THE TASK
Please print, exactly, only the lines in the entries below from the line that has "وقالت في إعلان" through the line that has "Ten imponujący zestaw". Pictures don't go in.

RECORDS TO PROCESS
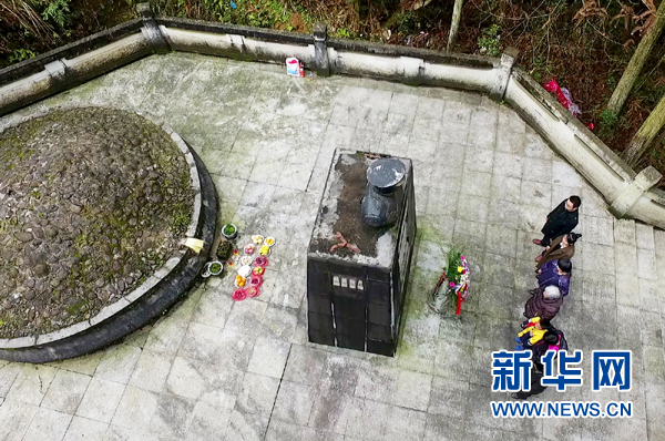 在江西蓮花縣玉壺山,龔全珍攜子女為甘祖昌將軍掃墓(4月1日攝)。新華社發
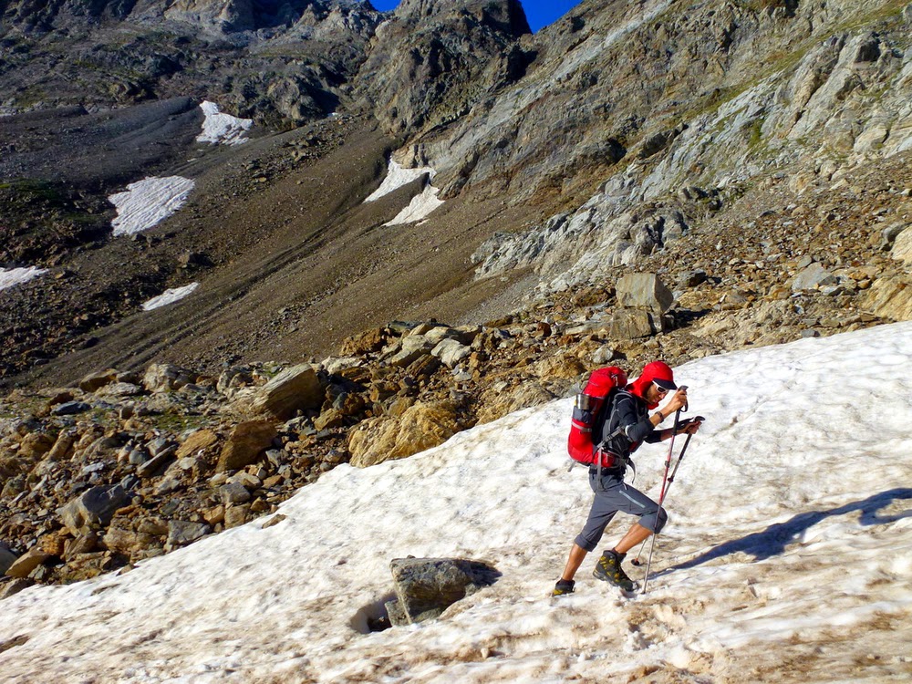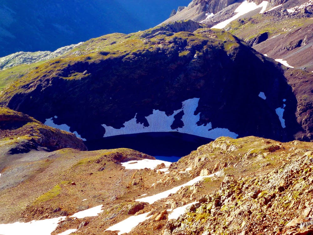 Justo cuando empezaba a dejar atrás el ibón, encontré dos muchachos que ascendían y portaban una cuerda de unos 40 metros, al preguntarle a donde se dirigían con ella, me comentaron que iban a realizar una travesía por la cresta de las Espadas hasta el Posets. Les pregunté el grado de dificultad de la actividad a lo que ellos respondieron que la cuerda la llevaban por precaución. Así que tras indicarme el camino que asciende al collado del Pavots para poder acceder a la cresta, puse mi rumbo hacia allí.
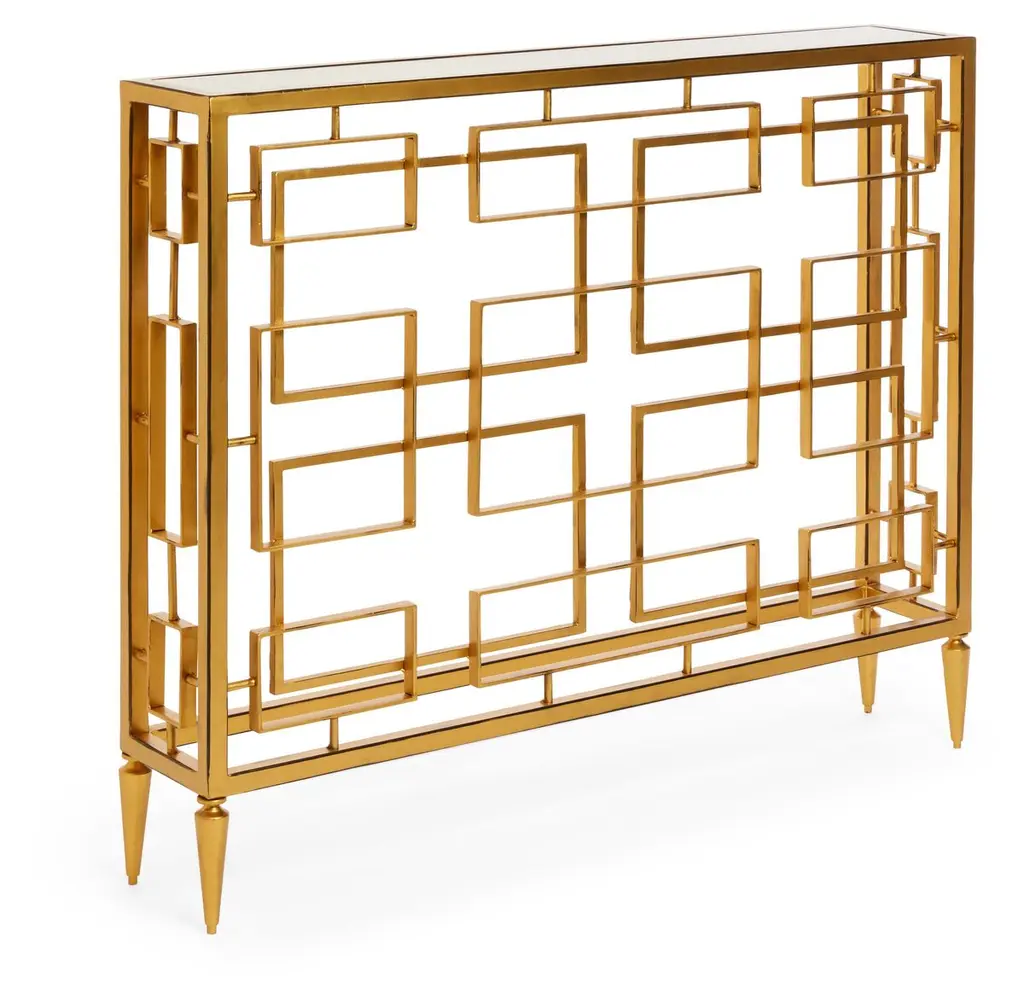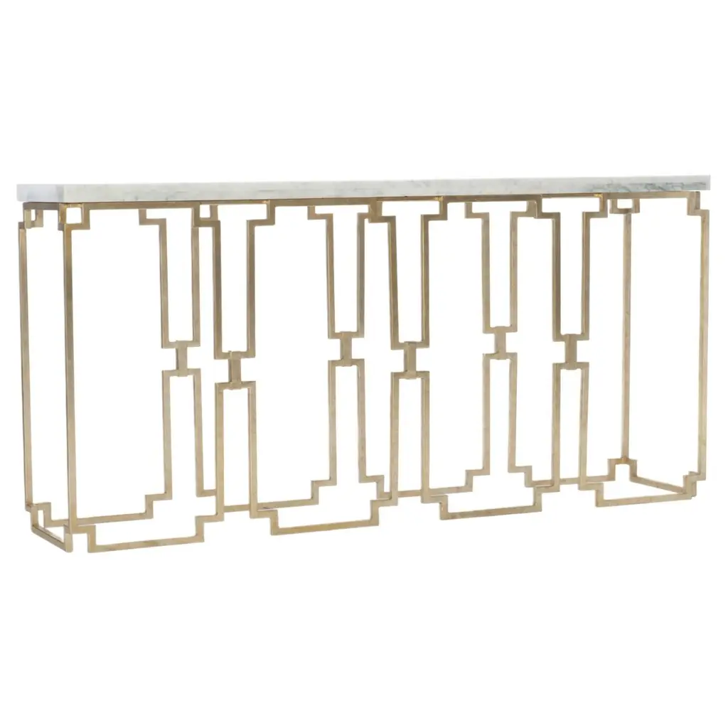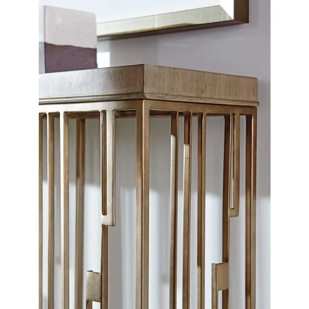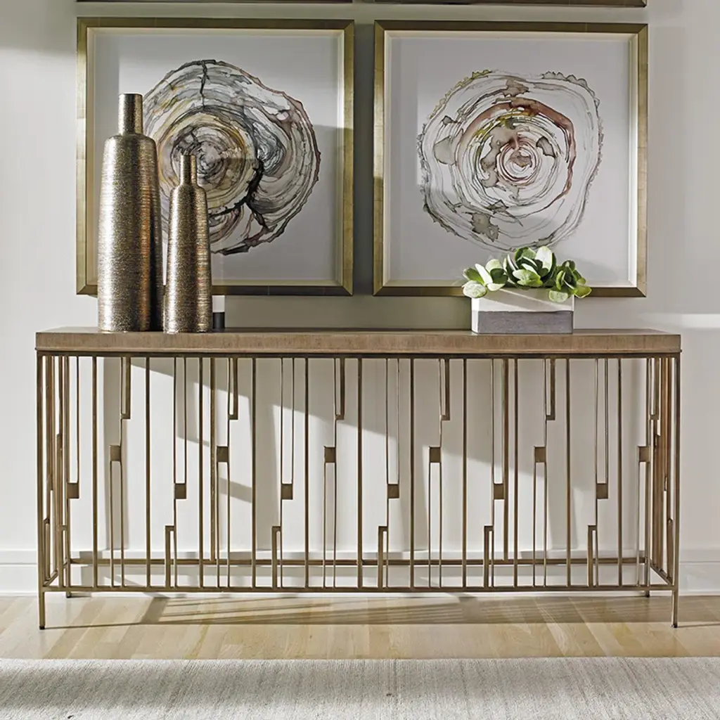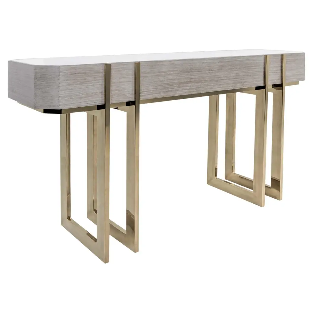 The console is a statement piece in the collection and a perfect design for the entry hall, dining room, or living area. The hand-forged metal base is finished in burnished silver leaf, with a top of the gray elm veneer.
--
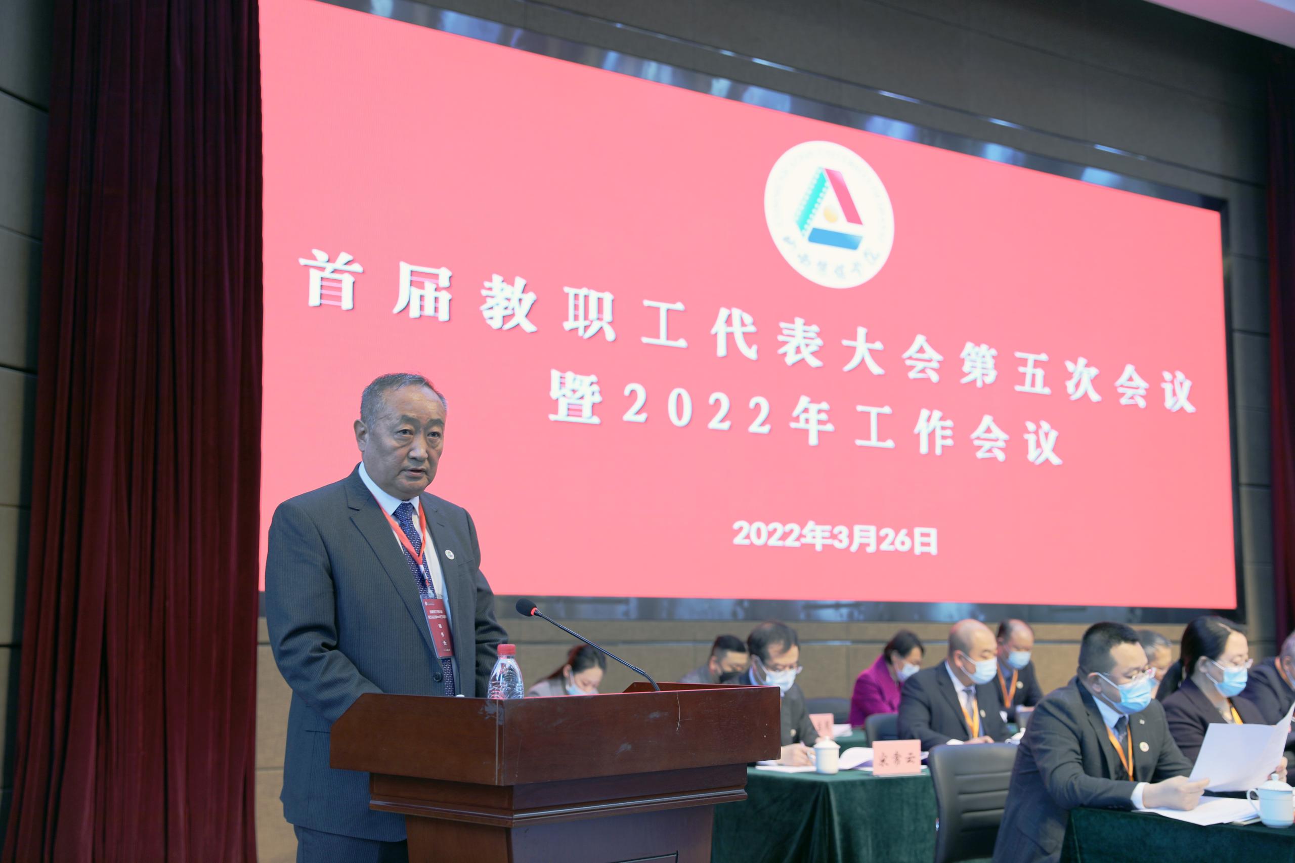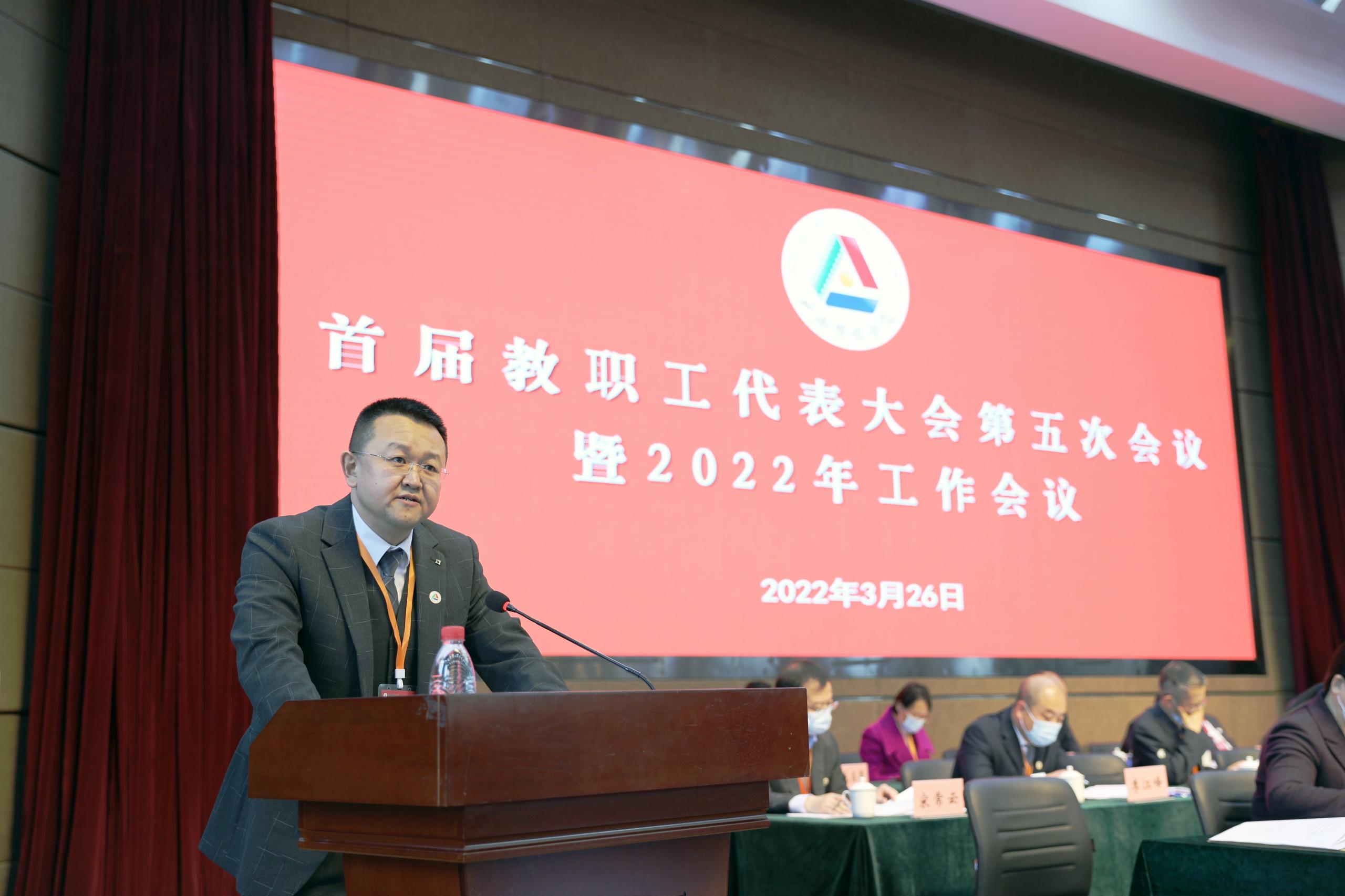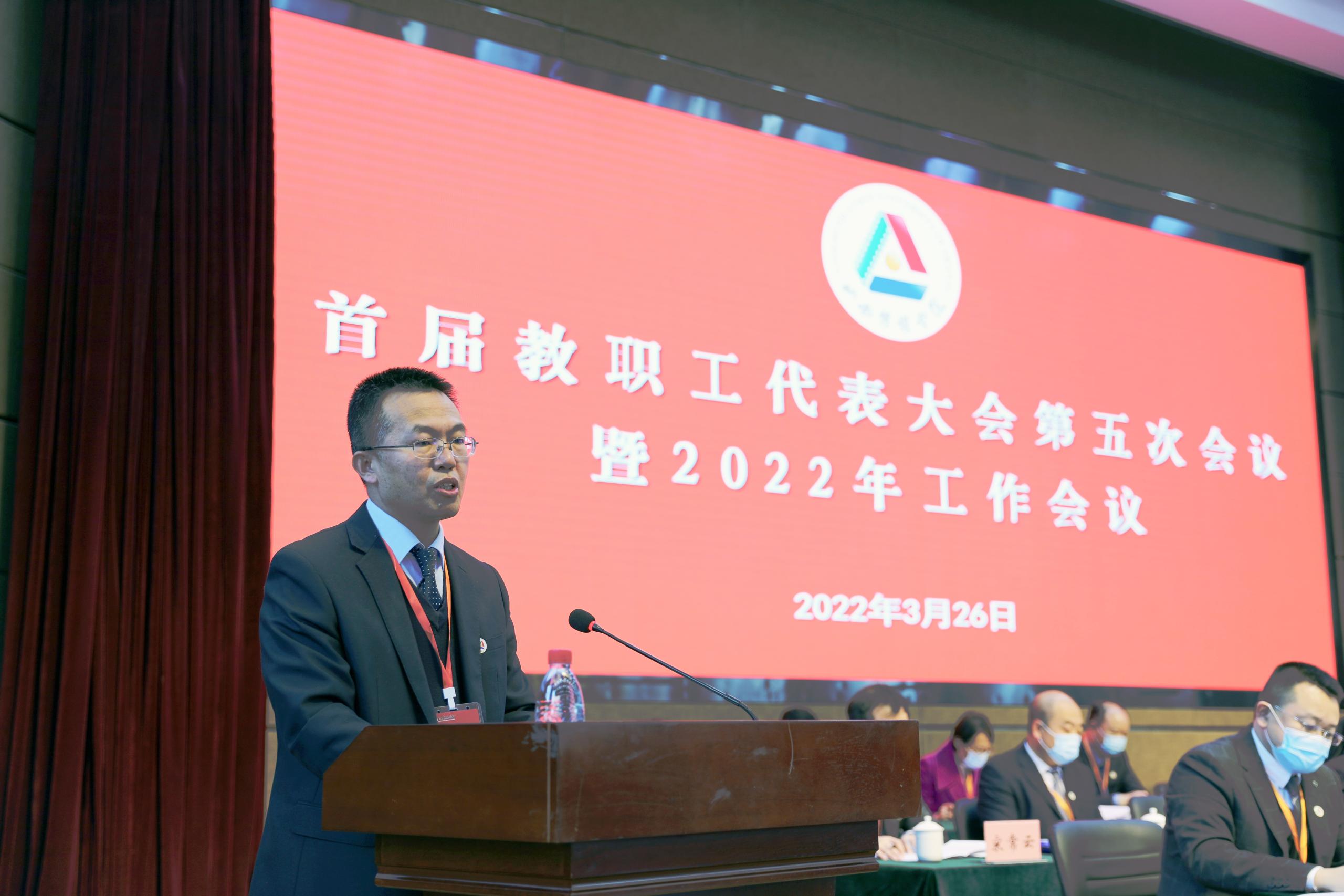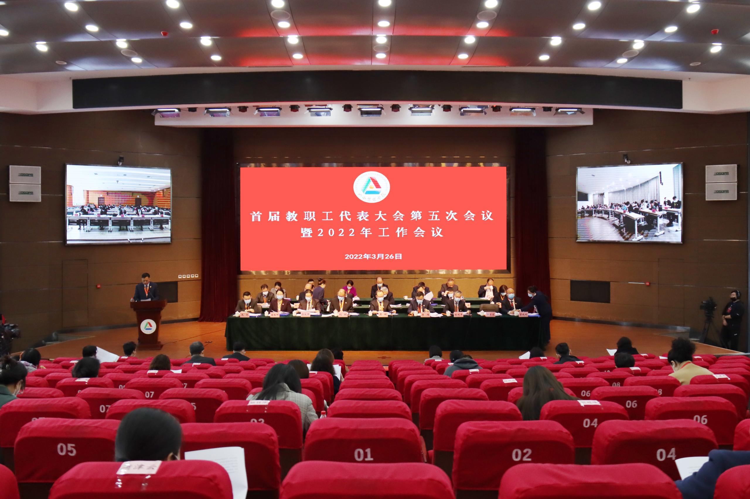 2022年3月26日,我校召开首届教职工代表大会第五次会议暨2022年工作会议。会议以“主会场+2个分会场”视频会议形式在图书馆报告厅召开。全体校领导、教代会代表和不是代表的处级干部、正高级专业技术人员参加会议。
--
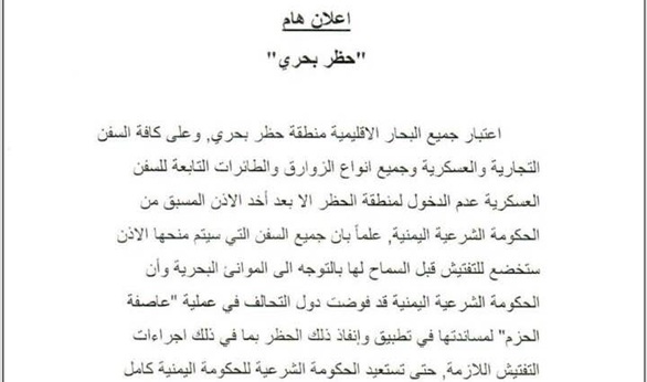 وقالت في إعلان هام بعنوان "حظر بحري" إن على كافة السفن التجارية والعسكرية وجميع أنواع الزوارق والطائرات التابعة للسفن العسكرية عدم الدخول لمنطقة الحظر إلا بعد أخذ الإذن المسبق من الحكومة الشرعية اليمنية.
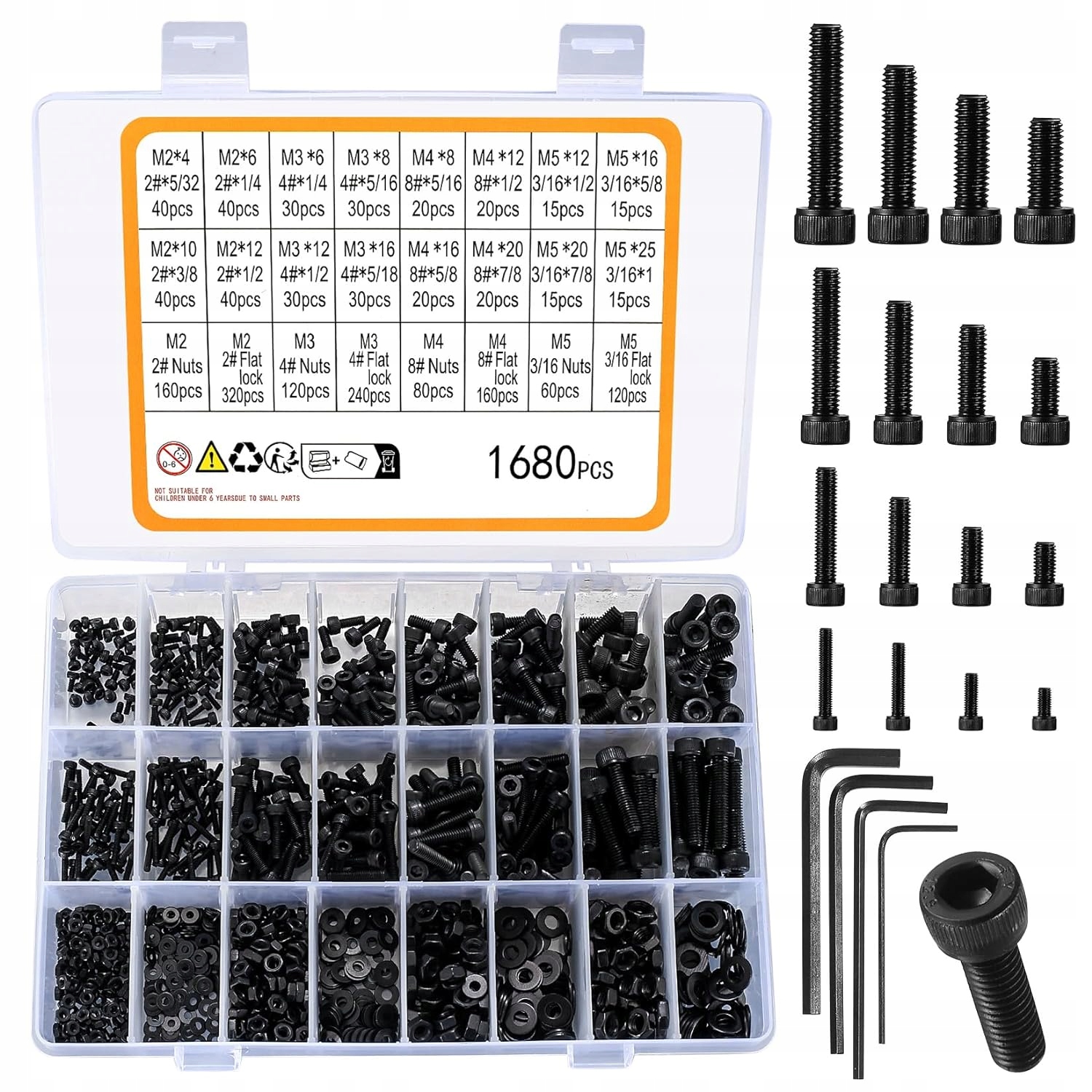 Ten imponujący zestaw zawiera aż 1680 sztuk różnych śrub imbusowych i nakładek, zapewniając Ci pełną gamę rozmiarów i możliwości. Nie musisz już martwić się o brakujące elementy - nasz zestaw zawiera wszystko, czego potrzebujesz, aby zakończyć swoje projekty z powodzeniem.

TASK SOLUTION
 وقالت في إعلان هام بعنوان "حظر بحري" إن على كافة السفن التجارية والعسكرية وجميع أنواع الزوارق والطائرات التابعة للسفن العسكرية عدم الدخول لمنطقة الحظر إلا بعد أخذ الإذن المسبق من الحكومة الشرعية اليمنية.
 Ten imponujący zestaw zawiera aż 1680 sztuk różnych śrub imbusowych i nakładek, zapewniając Ci pełną gamę rozmiarów i możliwości. Nie musisz już martwić się o brakujące elementy - nasz zestaw zawiera wszystko, czego potrzebujesz, aby zakończyć swoje projekty z powodzeniem.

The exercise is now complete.